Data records
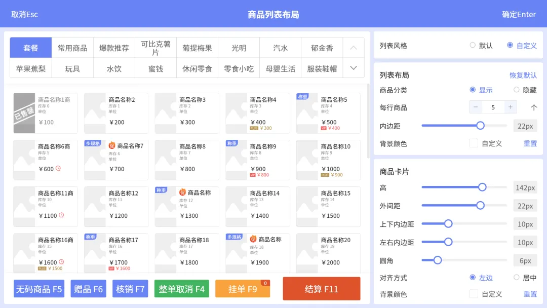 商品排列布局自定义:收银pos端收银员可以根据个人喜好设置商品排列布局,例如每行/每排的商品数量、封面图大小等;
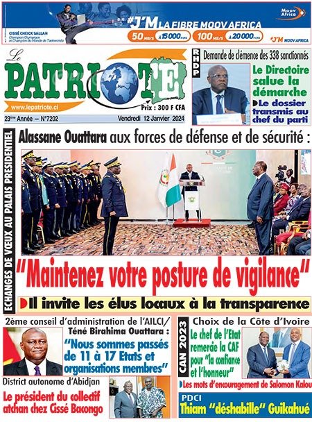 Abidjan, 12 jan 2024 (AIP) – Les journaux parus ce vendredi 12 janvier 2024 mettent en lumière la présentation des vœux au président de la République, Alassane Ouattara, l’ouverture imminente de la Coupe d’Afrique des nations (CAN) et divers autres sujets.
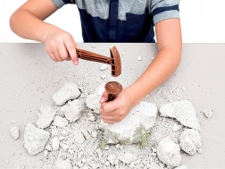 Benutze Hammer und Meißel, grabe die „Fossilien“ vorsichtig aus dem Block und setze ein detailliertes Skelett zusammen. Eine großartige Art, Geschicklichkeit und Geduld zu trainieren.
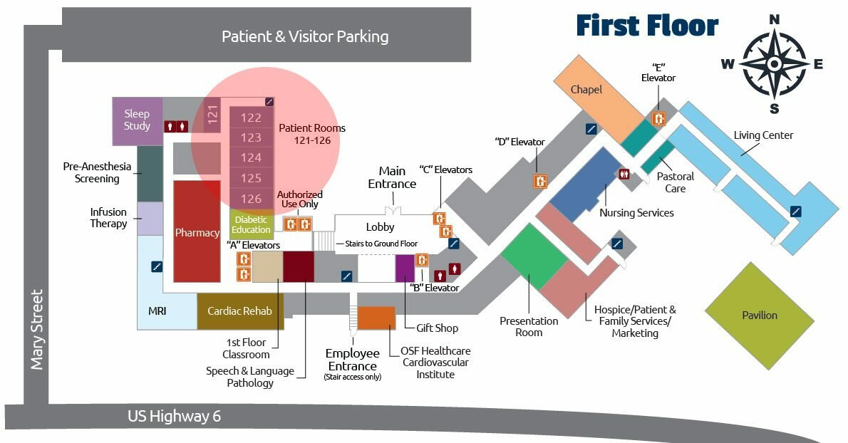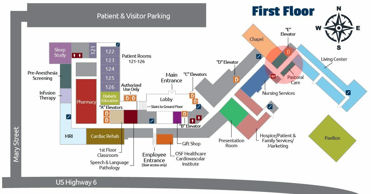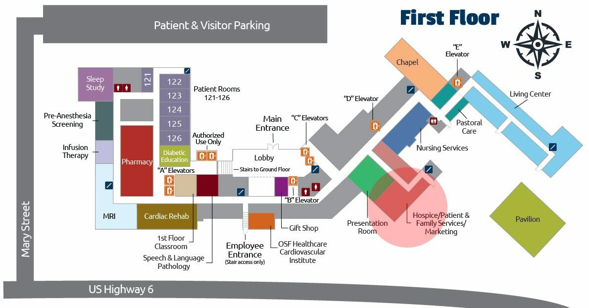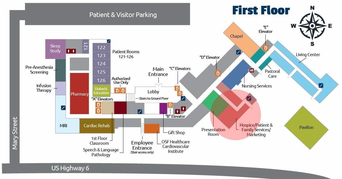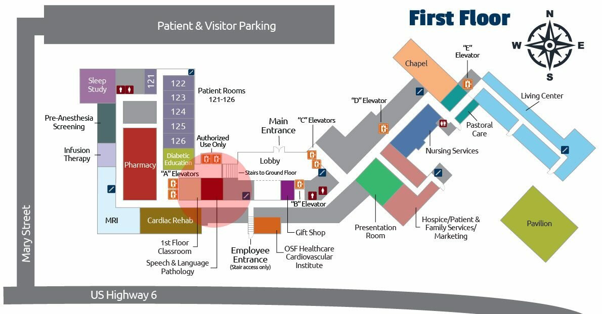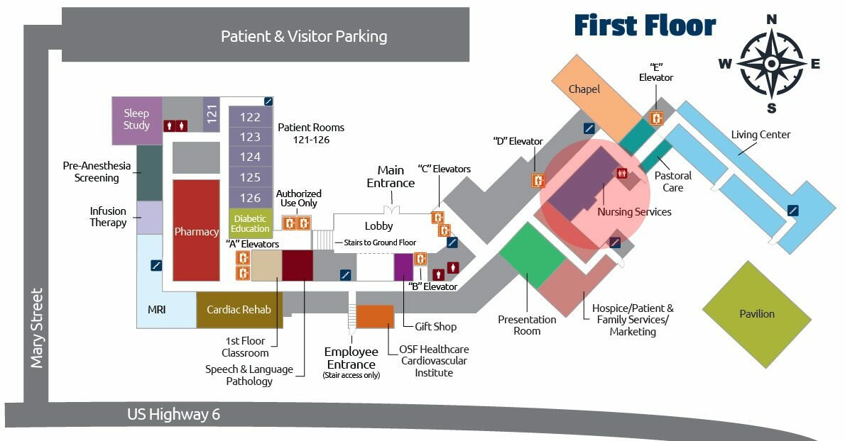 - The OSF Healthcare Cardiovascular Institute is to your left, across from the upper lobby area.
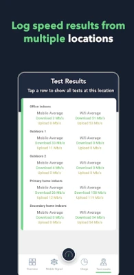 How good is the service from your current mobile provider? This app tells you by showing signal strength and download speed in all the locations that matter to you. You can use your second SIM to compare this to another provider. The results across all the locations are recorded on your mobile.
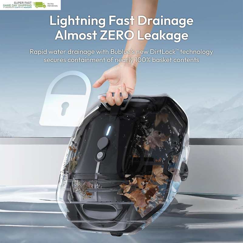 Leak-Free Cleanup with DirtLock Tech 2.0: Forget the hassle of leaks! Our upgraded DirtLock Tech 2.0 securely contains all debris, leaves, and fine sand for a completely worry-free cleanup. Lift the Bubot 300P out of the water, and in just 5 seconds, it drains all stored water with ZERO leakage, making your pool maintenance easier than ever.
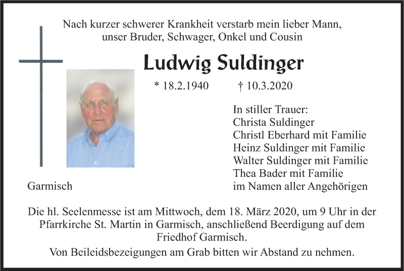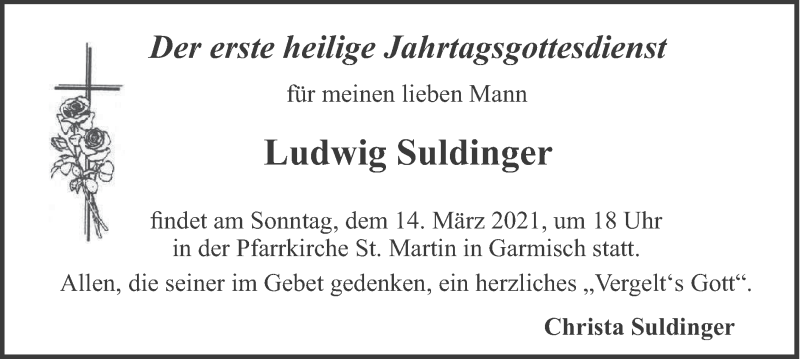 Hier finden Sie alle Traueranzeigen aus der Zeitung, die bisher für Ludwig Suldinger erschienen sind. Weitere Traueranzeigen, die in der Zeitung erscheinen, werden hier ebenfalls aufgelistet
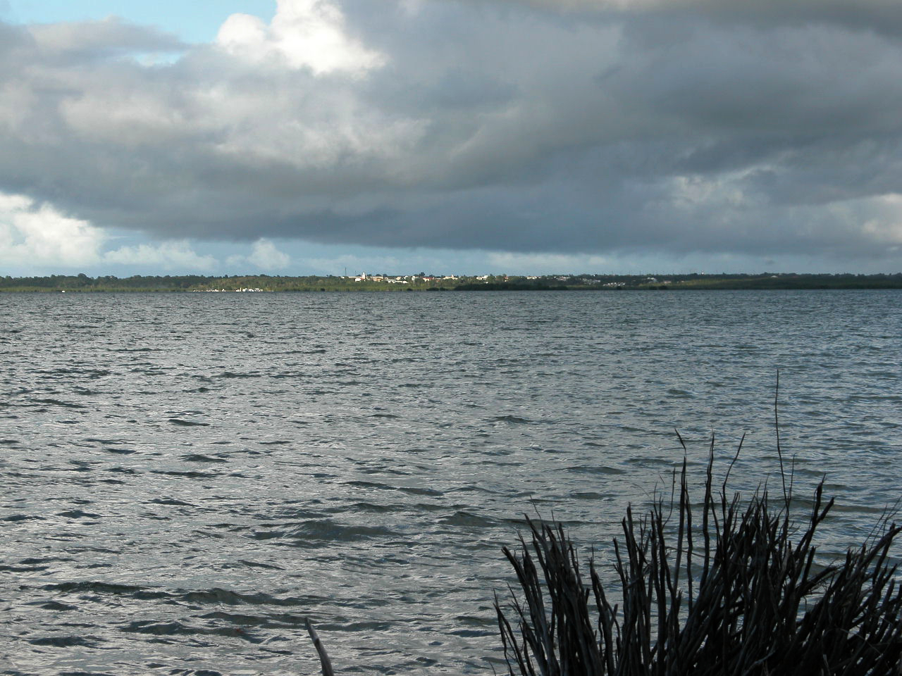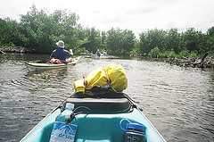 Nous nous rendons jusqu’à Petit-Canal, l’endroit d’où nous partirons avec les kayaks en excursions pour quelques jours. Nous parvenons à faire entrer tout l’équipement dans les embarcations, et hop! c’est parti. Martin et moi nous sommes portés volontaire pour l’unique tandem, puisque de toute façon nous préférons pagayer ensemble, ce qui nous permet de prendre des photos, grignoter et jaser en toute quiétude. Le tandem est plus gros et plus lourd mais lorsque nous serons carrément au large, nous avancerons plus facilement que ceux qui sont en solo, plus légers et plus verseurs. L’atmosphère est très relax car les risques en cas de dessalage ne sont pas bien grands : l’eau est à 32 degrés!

PROBLEM TO SOLVE
What is needed is every entry written out word for word, with no pictures.

RESPONSE
 商品排列布局自定义:收银pos端收银员可以根据个人喜好设置商品排列布局,例如每行/每排的商品数量、封面图大小等;
 Abidjan, 12 jan 2024 (AIP) – Les journaux parus ce vendredi 12 janvier 2024 mettent en lumière la présentation des vœux au président de la République, Alassane Ouattara, l’ouverture imminente de la Coupe d’Afrique des nations (CAN) et divers autres sujets.
 Benutze Hammer und Meißel, grabe die „Fossilien“ vorsichtig aus dem Block und setze ein detailliertes Skelett zusammen. Eine großartige Art, Geschicklichkeit und Geduld zu trainieren.
 - The OSF Healthcare Cardiovascular Institute is to your left, across from the upper lobby area.
 How good is the service from your current mobile provider? This app tells you by showing signal strength and download speed in all the locations that matter to you. You can use your second SIM to compare this to another provider. The results across all the locations are recorded on your mobile.
 Leak-Free Cleanup with DirtLock Tech 2.0: Forget the hassle of leaks! Our upgraded DirtLock Tech 2.0 securely contains all debris, leaves, and fine sand for a completely worry-free cleanup. Lift the Bubot 300P out of the water, and in just 5 seconds, it drains all stored water with ZERO leakage, making your pool maintenance easier than ever.
 Hier finden Sie alle Traueranzeigen aus der Zeitung, die bisher für Ludwig Suldinger erschienen sind. Weitere Traueranzeigen, die in der Zeitung erscheinen, werden hier ebenfalls aufgelistet
 Nous nous rendons jusqu’à Petit-Canal, l’endroit d’où nous partirons avec les kayaks en excursions pour quelques jours. Nous parvenons à faire entrer tout l’équipement dans les embarcations, et hop! c’est parti. Martin et moi nous sommes portés volontaire pour l’unique tandem, puisque de toute façon nous préférons pagayer ensemble, ce qui nous permet de prendre des photos, grignoter et jaser en toute quiétude. Le tandem est plus gros et plus lourd mais lorsque nous serons carrément au large, nous avancerons plus facilement que ceux qui sont en solo, plus légers et plus verseurs. L’atmosphère est très relax car les risques en cas de dessalage ne sont pas bien grands : l’eau est à 32 degrés!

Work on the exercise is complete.